*ACTIVITY*
Each line from the one holding "左侧是微信支付的界面,右侧是开发完成后的效果,图标是从 iconfont 上下载的。首先介绍一下本篇涉及到的组件。" to the last line below must be restated word for word, and no picture may be included.

*GIVEN DATA*

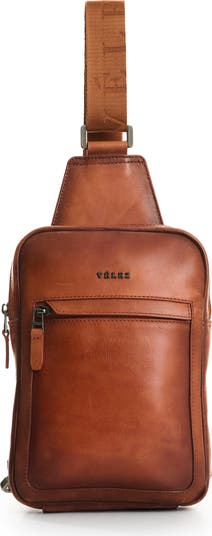 - Semi gloss leather crossbody bag with a burnished finish that highlights the brand’s DNA
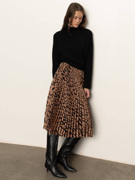 NOSTALGIA PLEATED MIDI SKIRT - MOCHA LEO
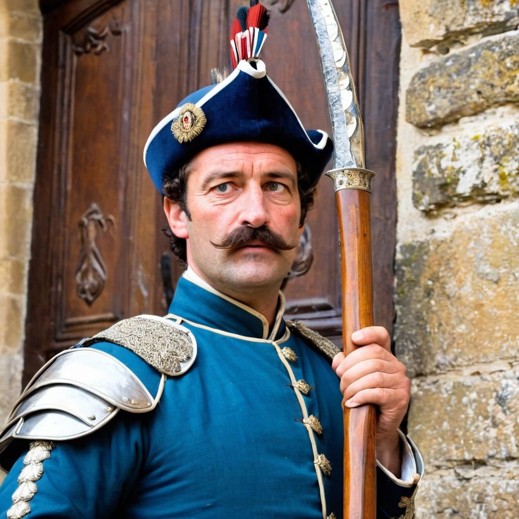 score_9, score_8_up, score_7_up, 1man, man 30 years old, (holds a pike in his hand), middle age, (pikeman), middle age, mustache, wrinkles on his face, serious, soldier uniform with predominance of blue color, in front of the doors of a medieval castle, torches
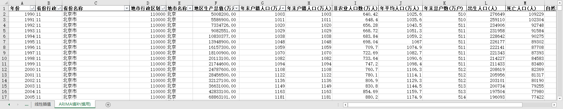 ARIMA填补。基于ARIMA模型,利用同一地区的时间序列数据,对缺失值进行预测填补。
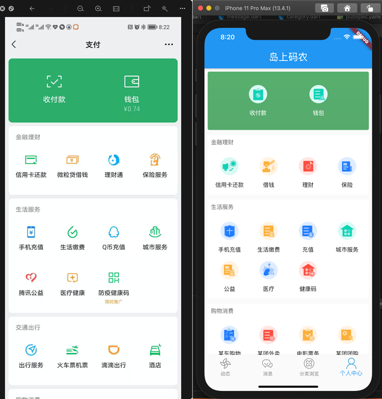 左侧是微信支付的界面,右侧是开发完成后的效果,图标是从 iconfont 上下载的。首先介绍一下本篇涉及到的组件。
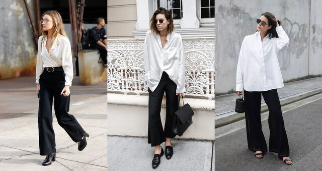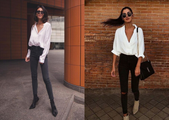 雖然近年大勢是寬褲,但窄管褲還是很需要的,窄管褲來搭上白襯衫不但展現了女生的性感曲線,整體穿搭幹練又俐落,如果你是扁屁股的女孩,可以選擇有屁股有口袋設計的窄管褲,如此便有些微的提臀效果,也能讓扁屁股看起來比較有份量,而像圖中穿上與褲款同色的尖頭靴,同色 + 尖頭這個小技巧可以讓你的雙腿有無限延伸的奇效。

*YOUR SOLUTION*
 左侧是微信支付的界面,右侧是开发完成后的效果,图标是从 iconfont 上下载的。首先介绍一下本篇涉及到的组件。
 雖然近年大勢是寬褲,但窄管褲還是很需要的,窄管褲來搭上白襯衫不但展現了女生的性感曲線,整體穿搭幹練又俐落,如果你是扁屁股的女孩,可以選擇有屁股有口袋設計的窄管褲,如此便有些微的提臀效果,也能讓扁屁股看起來比較有份量,而像圖中穿上與褲款同色的尖頭靴,同色 + 尖頭這個小技巧可以讓你的雙腿有無限延伸的奇效。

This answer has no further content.